■ **Work to be completed**
Only the lines below from the one that contains "Mobilfunk – Tribut an unseren Lebensstil" through the one that contains "意大利米蘭商店火災，三名中國公民遇難。" should appear in your answer, exact and without pictures.

■ **The records**
--------

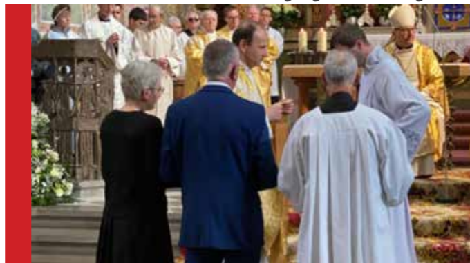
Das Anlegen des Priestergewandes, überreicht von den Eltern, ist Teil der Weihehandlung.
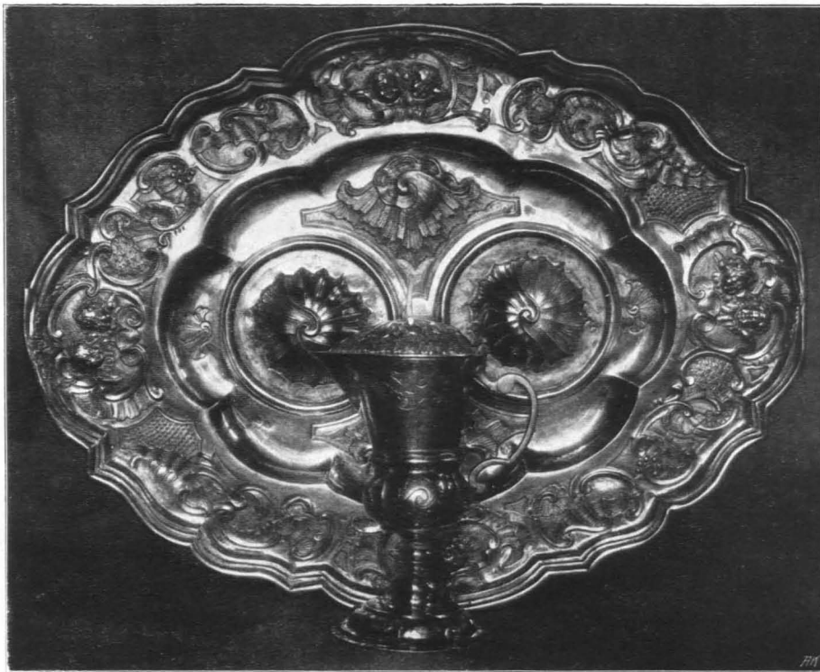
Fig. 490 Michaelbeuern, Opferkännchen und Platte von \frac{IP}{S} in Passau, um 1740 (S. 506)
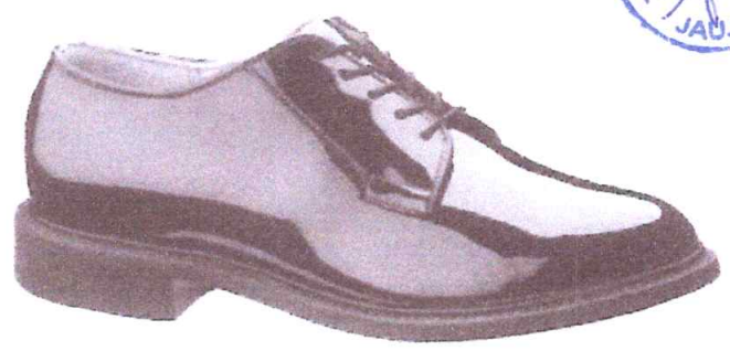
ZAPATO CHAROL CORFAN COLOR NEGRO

--------

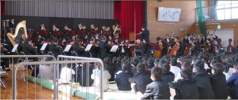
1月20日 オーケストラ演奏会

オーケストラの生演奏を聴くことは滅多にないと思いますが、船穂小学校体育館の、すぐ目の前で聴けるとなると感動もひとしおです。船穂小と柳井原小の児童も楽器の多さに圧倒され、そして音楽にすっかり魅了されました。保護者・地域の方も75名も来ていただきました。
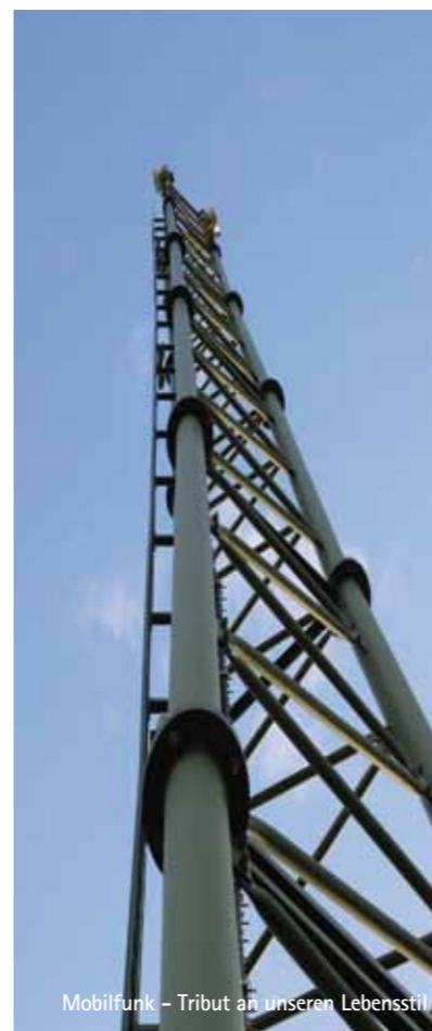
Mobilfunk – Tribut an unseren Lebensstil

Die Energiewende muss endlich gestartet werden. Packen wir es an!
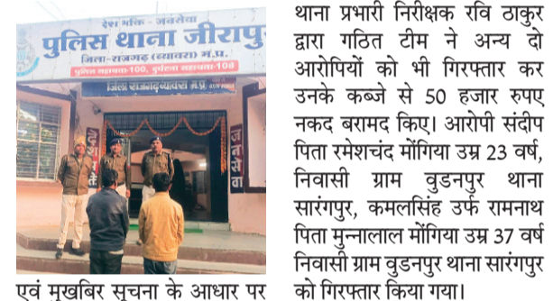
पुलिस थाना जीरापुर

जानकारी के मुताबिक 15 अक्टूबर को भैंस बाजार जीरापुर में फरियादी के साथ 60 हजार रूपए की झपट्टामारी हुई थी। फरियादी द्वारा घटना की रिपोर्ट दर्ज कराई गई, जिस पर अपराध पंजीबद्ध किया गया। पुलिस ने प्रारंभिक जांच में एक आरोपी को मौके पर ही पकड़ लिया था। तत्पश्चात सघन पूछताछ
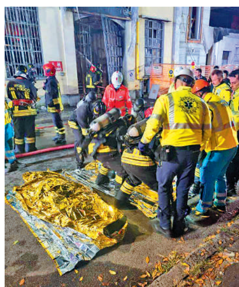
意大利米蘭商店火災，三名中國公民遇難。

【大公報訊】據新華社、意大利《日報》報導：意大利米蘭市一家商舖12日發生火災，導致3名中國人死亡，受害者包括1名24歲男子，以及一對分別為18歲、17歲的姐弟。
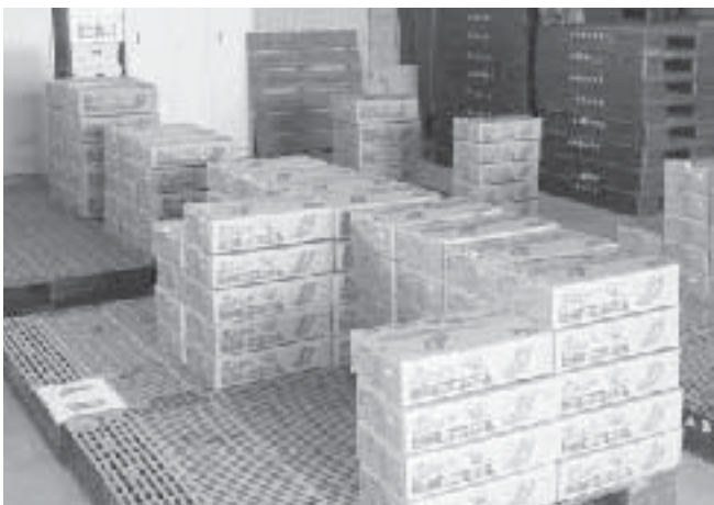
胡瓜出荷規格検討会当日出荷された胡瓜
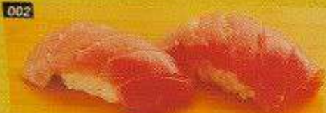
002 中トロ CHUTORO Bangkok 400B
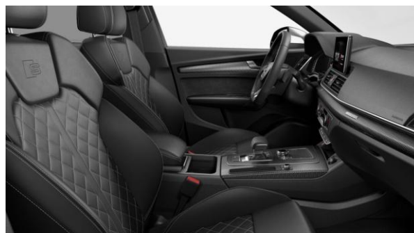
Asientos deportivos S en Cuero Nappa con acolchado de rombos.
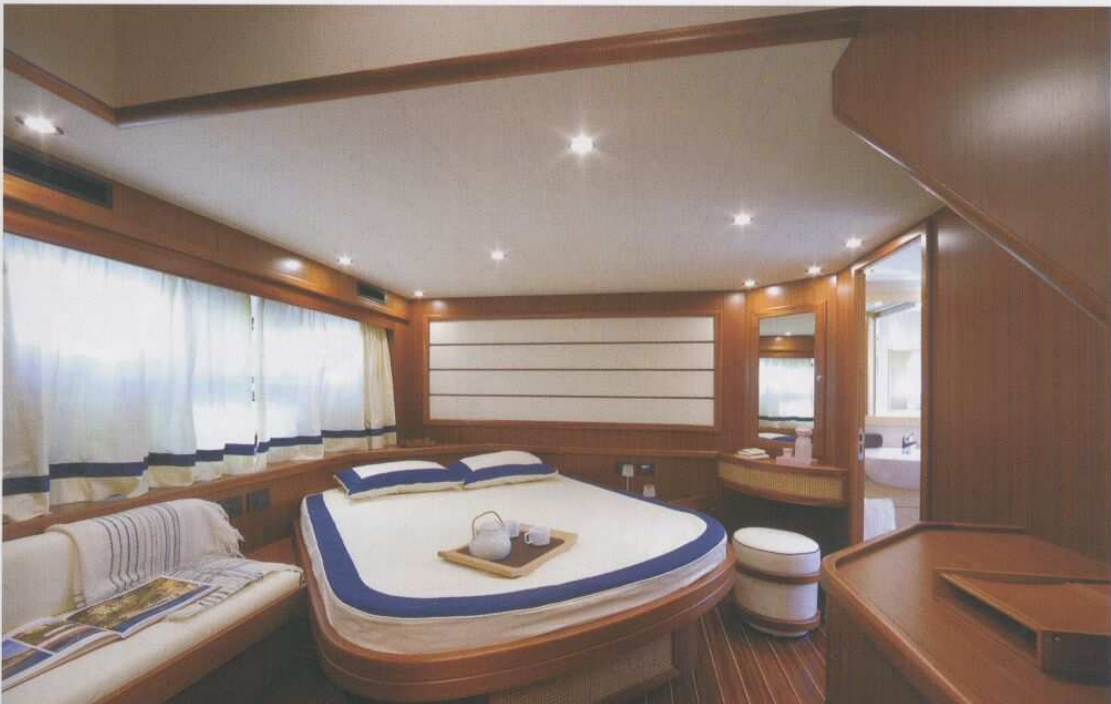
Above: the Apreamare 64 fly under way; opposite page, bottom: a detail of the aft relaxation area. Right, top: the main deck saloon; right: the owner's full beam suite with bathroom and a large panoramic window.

--------

■ **Exercise answer**
Mobilfunk – Tribut an unseren Lebensstil

Die Energiewende muss endlich gestartet werden. Packen wir es an!
पुलिस थाना जीरापुर

जानकारी के मुताबिक 15 अक्टूबर को भैंस बाजार जीरापुर में फरियादी के साथ 60 हजार रूपए की झपट्टामारी हुई थी। फरियादी द्वारा घटना की रिपोर्ट दर्ज कराई गई, जिस पर अपराध पंजीबद्ध किया गया। पुलिस ने प्रारंभिक जांच में एक आरोपी को मौके पर ही पकड़ लिया था। तत्पश्चात सघन पूछताछ
意大利米蘭商店火災，三名中國公民遇難。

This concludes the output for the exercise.